The Annual International Berkeley Undergraduate Prize for Architectural Design Excellence 2021
Berkeley Prize 2021

[ID:3452] What are changes are for? Stories and realities in Ecuador that architecture reveals

Ecuador

Nothing has greater potential to reshape our lives as the huge challenges, today, our generation will have to transform itself to overcome climate change.

Nevertheless, in developing countries as Ecuador our socio-economic conditions have limited our governments to only focus on overcoming the most visible issues like poverty, violence and the lack of social services, then, problems like climate change are something that they leave the developed countries to solve. We still don’t possess a true knowledge -in scientific terms- of how our environments and societies work and how they are affected, research has just started to have significance in the last decade and it still lacks support. Moreover, the indifference to our culture -profoundly related to indigenous civilizations- is drifting us away from our collective identity. Sadly, we need external validation to appreciate our culture. This has produced a scarcity of confidence to believe in the potential of our ideas to propose solutions for ourselves.

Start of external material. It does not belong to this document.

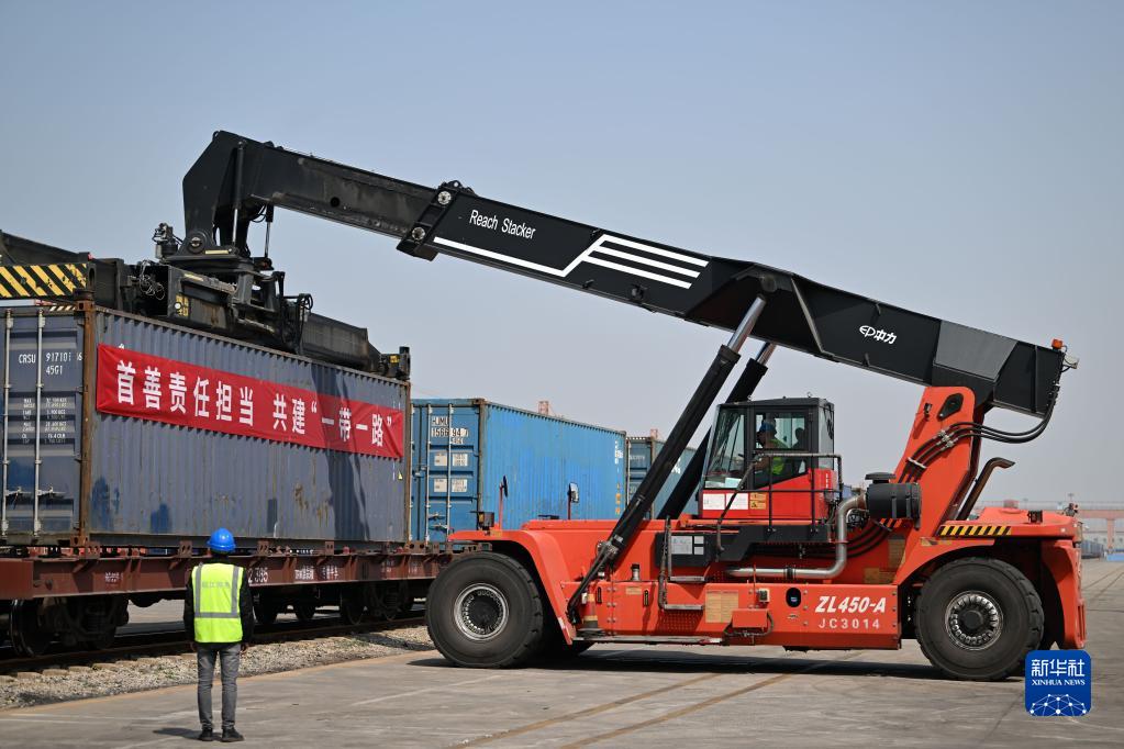 3月29日,在天津開發(fā)區(qū)盛鐵物流有限公司,吊裝車輛進行集裝箱裝車作業(yè)。

Since architecture is the tangible expression of our society, in Ecuador it expresses those issues. Hence, it is not common yet to have local examples of recent architecture built under sustainable and resilient terms that responds to our own realities and necessities. Our conditions have limited architects just to fulfill functional and economic needs but leaving the climatic comfort and ecological requirements behind even when they are strongly linked to the community welfare. So, I will state my beliefs through the stories of two edifications: the museum of Agua Blanca (Machalilla) and the Seymour de Baltra Ecological Airport (Galápagos).

The museum of Agua Blanca

This building represents the history of a small community located in the northwestern Ecuadorian coasts, saved when its members awarded that the protection of its culture and environment were the key to its survival. The ancestors of Agua Blanca are millenary cultures: Valdivia, Machalilla, and Manteña, that disappeared after colonization. In 1970, after many years of culture and history loss, the government declared their territory a National Park due to the presence of tropical dry forests -considered as endangered ecosystems- and forced them to leave since their presence was considered as a threat for the ecosystem. However, in 1978, the Scottish archeologist, Colin McEwan, found rests of the ancient cultures and started a project. As he explains, his team made an effort to pioneer an integrated approach to culture, ecology, and subsistence, he beleived that local communities have a vital role to play in protecting the environment and managing cultural resources wisely (McEwan, Hudson & Silva, 2000). The starting point to make this real was to build a museum in-site, a structure that would not only store archeological artifacts but would serve as a reference for the community to see differently.

McEwan, Silva, and Hudson encouraged the community to build the communal museum and soon they gained collective support and commitment. In 1990, under the direction of the foreign architect, Chris Hudson, they built the structure using local materials and traditional construction techniques creating a structure suitable for the village landscape and the dry tropical climate that characterizes this zone. Furthermore, by using local materials and teamwork they accommodated the construction to the economic limitations. The building is composed of timber, split bamboo, palm thatch, cobbles and quincha (a bamboo and earth wall structure) that were extracted from the woods and the close river. The structure rises on piles that help to avoid humidity in certain months, it also counts on cross ventilation that assures the entrance of fresh air, jointly to the quincha walls and the thatch palm roof, they keep interior thermal comfort. The structure´s lightness and flexibility make the building resistant to the frequent seismic movements in this region.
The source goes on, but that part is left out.